In composing Babes in the Wood, Wright worked playfully with the stereotypes borrowed from fairy tales, notably The Snow White and Hansel and Gretel, as well as with Australian iconic images, both human and animal (wallaby and emu), creating a pungent satire of the concept of authentic Australian. The role of Aunty Avaricia, owner of a settler’s home called Australia Felix (or A Clearing in the Bush), allowed Max Gilles to display his comical skills to the full extent, drawing laughter even when the bite of irony was at its sharpest. Julie Forsyth, who played Boingle (wallaby) and Francis Greenslade who played Flapgherkin (emu) had a rare opportunity of transposing animal energy into human behaviour at the level of visibility, while Caroline Craig and Lucy Taylor excelled in the roles of children, especially demanding for Taylor who played a boy. Under the baton of director Michael Kantor the performance had colour, it was wonderfully imaginative and dynamic, and the designer Anna Tregloan, lighting designer Paul Jackson, composer Iain Grandage and choreographer Kate Denborough all contributed to making the closure of the 2003 Playbox season an unforgettable event.

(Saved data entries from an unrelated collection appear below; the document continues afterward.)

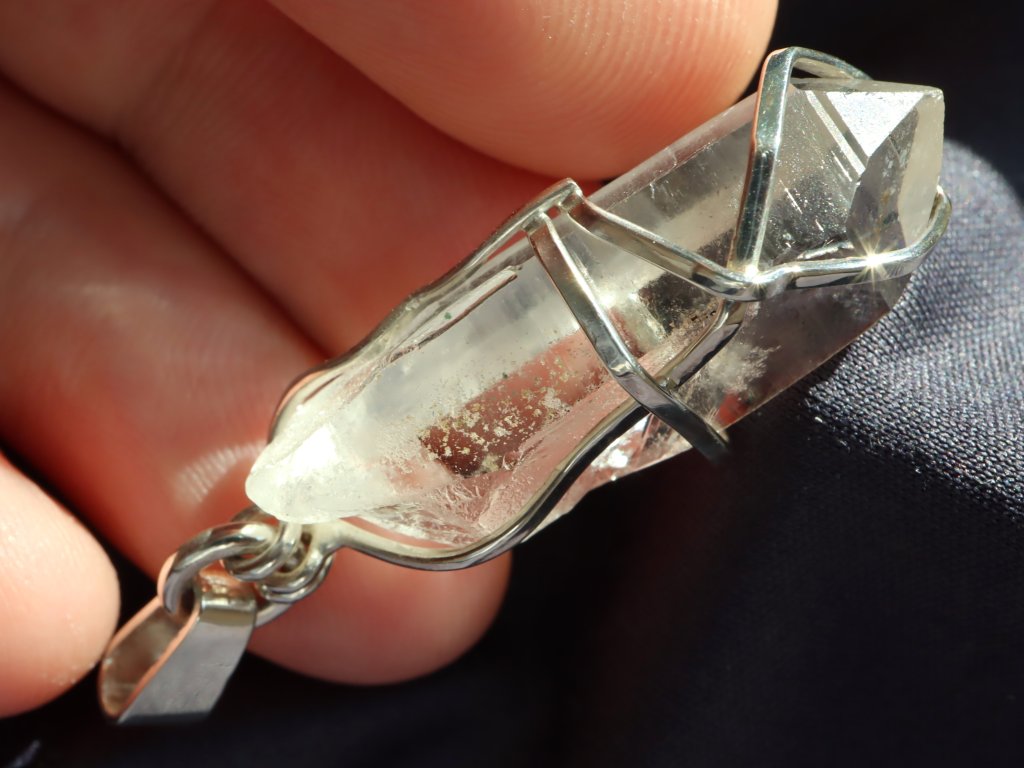 Tento originální ručně dělaný přívěsek se pyšní nádherným a kvalitním krystalem křišťálu, který má krásně zachovalé obvodové stěny se zajímavým otiskem a prakticky dokonalou špičku.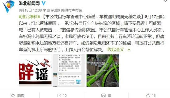 原标题:淮北市公共自行车管理中心辟谣:车桩漏电纯属无稽之谈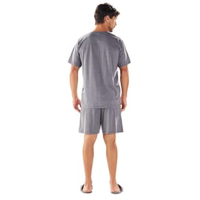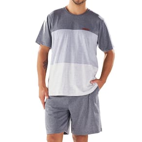 Pijama masculino fabricado pela Pzama com meia maga e bermuda em meia malha. Camisa com gola redonda e faixas horizontais em degradê na parte frontal com costas lisas. Bermuda mais longa com elástico embutido e bolsos laterais. Modelo homewear confortável para o dia a dia e fácil de lavar e secar.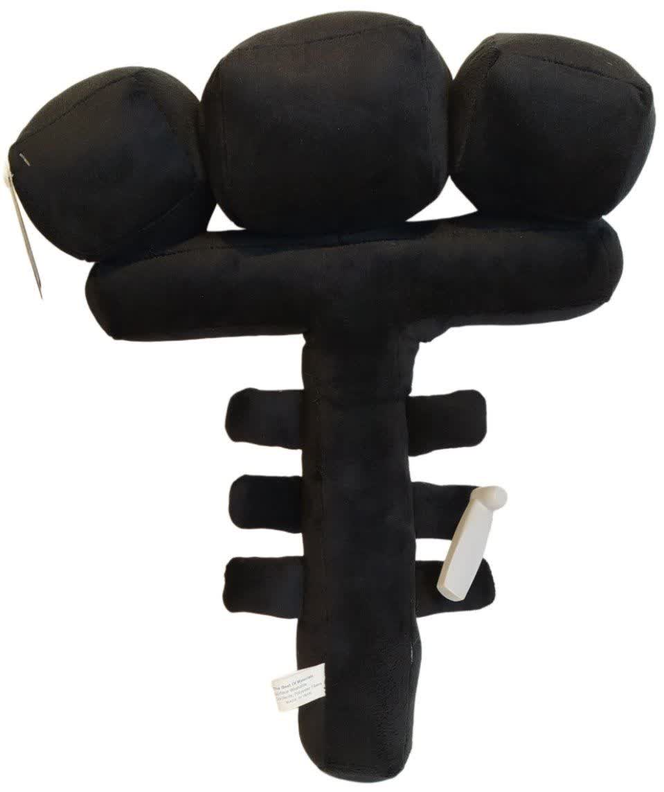 همانطور که در تصاویر محصول مشاهده میکنید، این عروسک دارای سه سر مجزا با چشمان و دهان خاکستری پیکسلی است که با دقت بالایی گلدوزی شدهاند. بدنهی اصلی به شکل یک ستون فقرات پیکسلی طراحی شده که یادآور ساختار اسکلتی ویدر در بازی است. استفاده از رنگ مشکی یکدست و بافت پارچهای خاص، به این عروسک جلوهای مدرن و در عین حال نوستالژیک بخشیده است.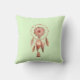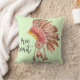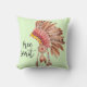 De voorzijde van dit decoratieve vierkant werpen kussen heeft een waterverf van een Inheemse Amerikaanse veertitel met de woorden Vrije Gedistilte in een manuscriptdoopvont. Het omgekeerde heeft een passende droomvanger. De achtergrond is het gespoelde zijde van de munt.

It is worth noting here that most of the artists collaborating on Babes in the Wood had participated in previous Playbox productions. Caroline Craig played Tania in Ben Ellis’ Falling Petals, Max Gillies directed The Goldberg Variations by Ron Elisha in 2000 and he collaborated with Guy Randle in the creation of Your Dreaming, winning the Best Actor award for a role in the play in the 2001 Greenroom Awards. Francis Greenslade was in the Playbox productions of Hannie Rayson’s Competitive Tenderness, in Robert Hewett’s Waking Eve and in Aidan Fennessey’s Chilling and Killing My Anabel Lee. Lucy Taylor appeared in Jenny Kemp’s Still Angela, before relocating to the US where she played in The Wooster Group’s The Town Hall Affair, to name just one of her outstanding credits.

Mellor maintains, however, that Australian audiences don’t like seeing the same actor again and again. ‘We like to see different different different all the time,’ he says.

This observation brings up the subject of sustainability of ensembles in Australia. ‘With ensembles, you have to carry them over the gaps between productions and I did that at Nimrod,’ he says before highlighting a problem.

‘Often with ensembles, some people have terrible roles and they are very unhappy. In some European companies, they sit down in their dressing rooms playing cards because they have nothing to do.’

How to give all actors in an ensemble the roles that exhibit their full artistic potential is always a problem. There is also the question of funding.

‘You have to think, “Can I keep them all employed for the whole year?”,’ Mellor says.

‘Robin Nevin tried it for one year. She got special funding, special sponsors, and they had an actors’ ensemble, but the only time it really worked was when the wonderful Barrie Kosky did The Last Echo and he managed to use them [actors] all very well. But most of the time they were not happy either.’

‘So, for one, we are not used to them [ensembles], we have no history of them, and they are very expensive. Two, many people resent it. We had an ensemble of eight actors at Nimrod and everybody wanted to be in that ensemble, and they began to get very grumpy. In the end, people turned against Nimrod because they couldn’t get employed.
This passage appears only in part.